President Trump has drawn a line in the sand much as his predecessor did and said we will never let Iran have a nuclear weapon. And with the United States having withdrawn from the Iran nuclear deal, the JCPOA, and with Iran and our European allies increasingly farther and farther apart on their conduct, and with Iran restarting centrifuges and restarting enrichment, it is not an unforeseeable moment that whether weeks or months or years from now, but quite possibly months, a team from the senior ranks of our military will go to the president and say here is a range of options that might include striking Iran. That is a fact pattern that requires Congress to provide it authorization. Yes, I recognize there are exigencies, there are there are emergencies, there are moments where the president must take action to authorize our armed forces to strike in order to defend our troops, defend our interests at home and abroad. But this entirely foreseeable scenario, one which we should all be working to avoid but which is foreseeable, is exactly why I am supporting the bipartisan resolution introduced by Senators Kaine and Lee. The United States Senate must take back its responsibility for authorizing our armed forces to protect us overseas, and we need to show clear-eyed support for our armed forces and for the path forward. President Trump, like all presidents before him, does not have the authority to wage war without consulting this Congress. And Democrats and Republicans are concerned about this administration’s apparent indifference towards Congress and its critical role in deciding matters of war and peace. The House has just passed two measures to restrict the president’s war-making powers. The Senate needs to have that same debate, that same discussion, and needs to take up and pass this resolution. This is how our system of government works best. Through respectful disagreement, through thoughtful, informed debate, and through votes in both chambers to express the will of the American people.

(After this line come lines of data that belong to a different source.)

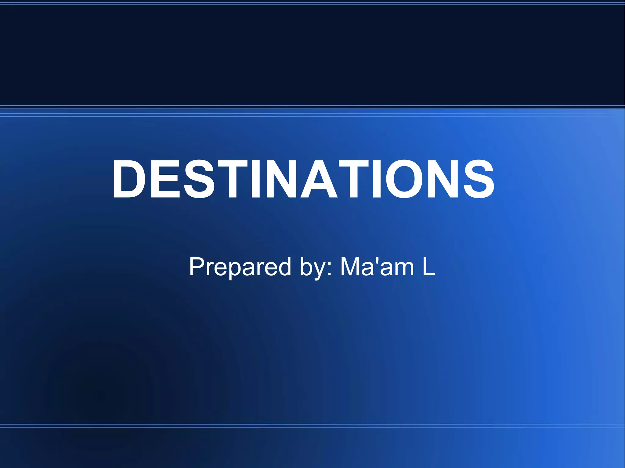 - There are different types of destinations like coastal, urban, and rural with examples given.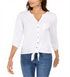Style & Co Women's Cotton Embroidered Tie Hem Shirt White Size Petite XL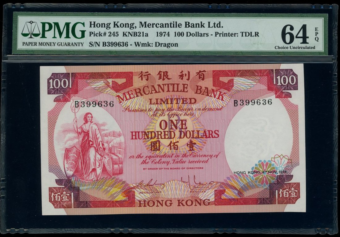 1974年有利銀行100元,編號B399636,PMG 64EPQ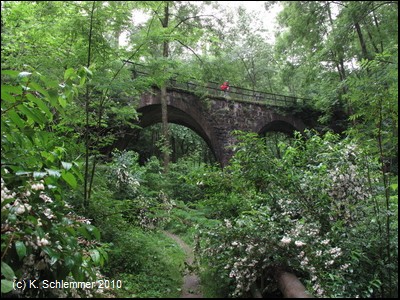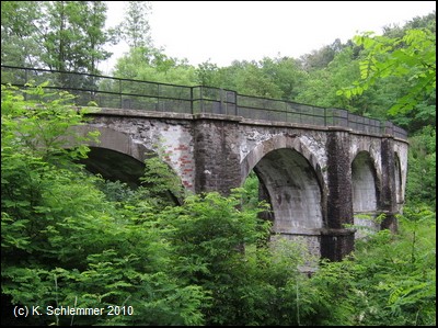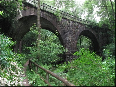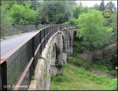 Eine Brücke mit schräg gemauerten Bögen führt über das Tal.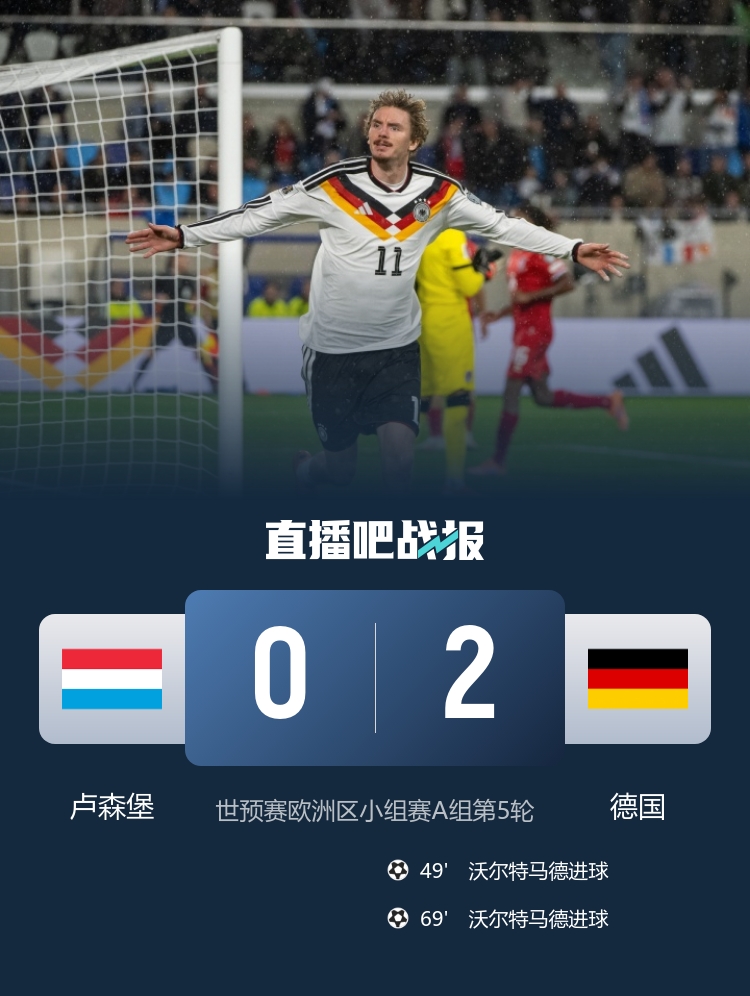 世预赛A组第5轮,德国客场2-0卢森堡,沃尔特马德双响。德国末轮战平斯洛伐克就能头名出线。
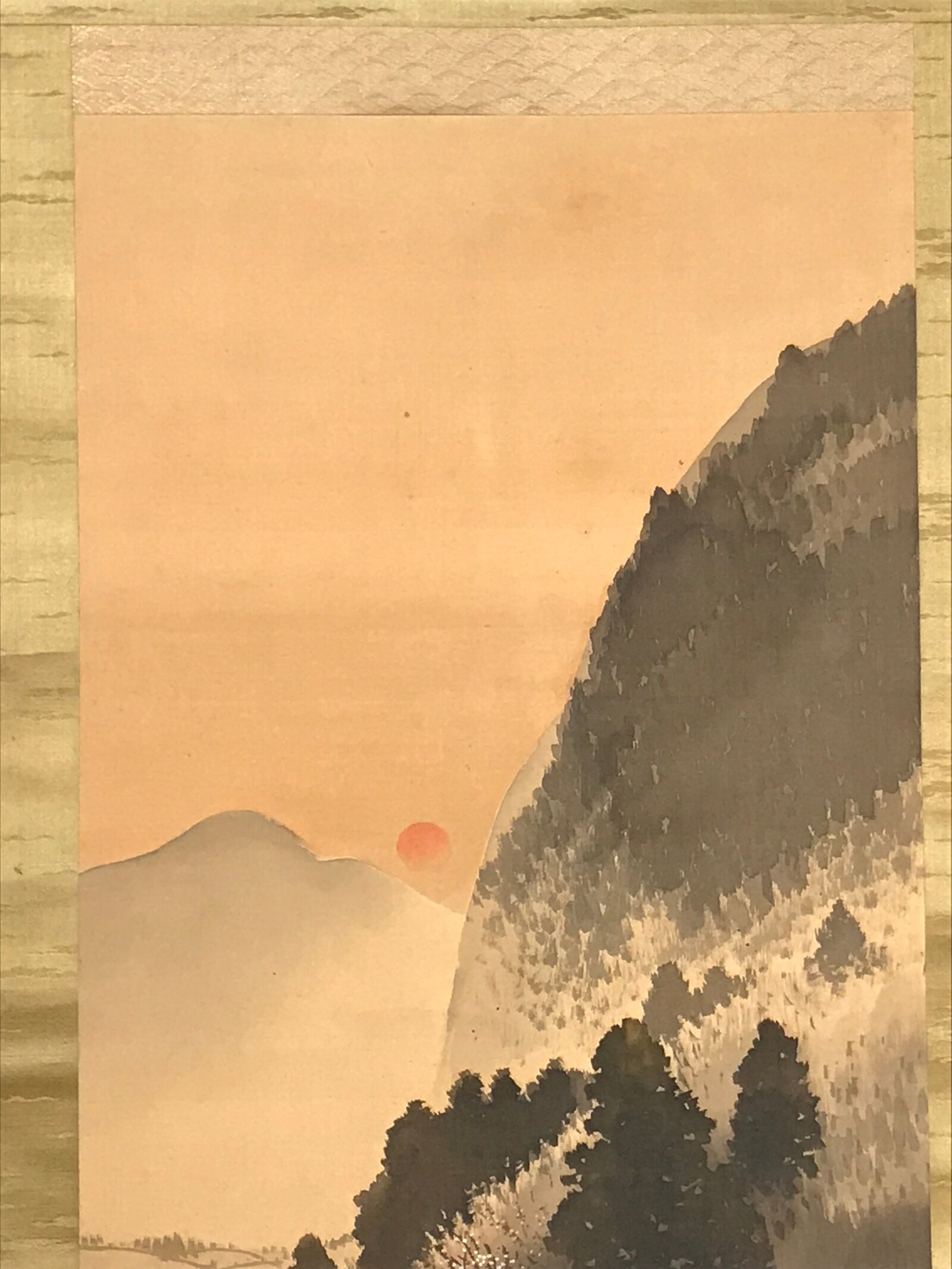 This vintage Japanese hanging scroll (called kakejiku or makimono) features a small village with few houses, surrounded by trees, and plum trees bearing blossoms within the mountain. The scene is painted at dawn: the red sun rises between the mountains. This piece is signed with a name.

So, let me close by saying this. To service members whom I meet in Delaware, to many more serving around the country and around the world, war should be our last resort. And if diplomacy should fail in this case or others, I will insist our administration produce a clear strategy and a mission for our troops that our service men and women can accomplish and that our Congress provides our military with the resources and authorities they need. We are blessed with a system of democratic governance that challenges us, in times when stakes are highest, to rise to the occasion and to earn our place in the history of this democratic republic. We do that by reaffirming our faith in our Constitution, including Article 1, which gives to this body the responsibility to weigh vital decisions of war and peace. With that, thank you, Madam President, I yield the floor.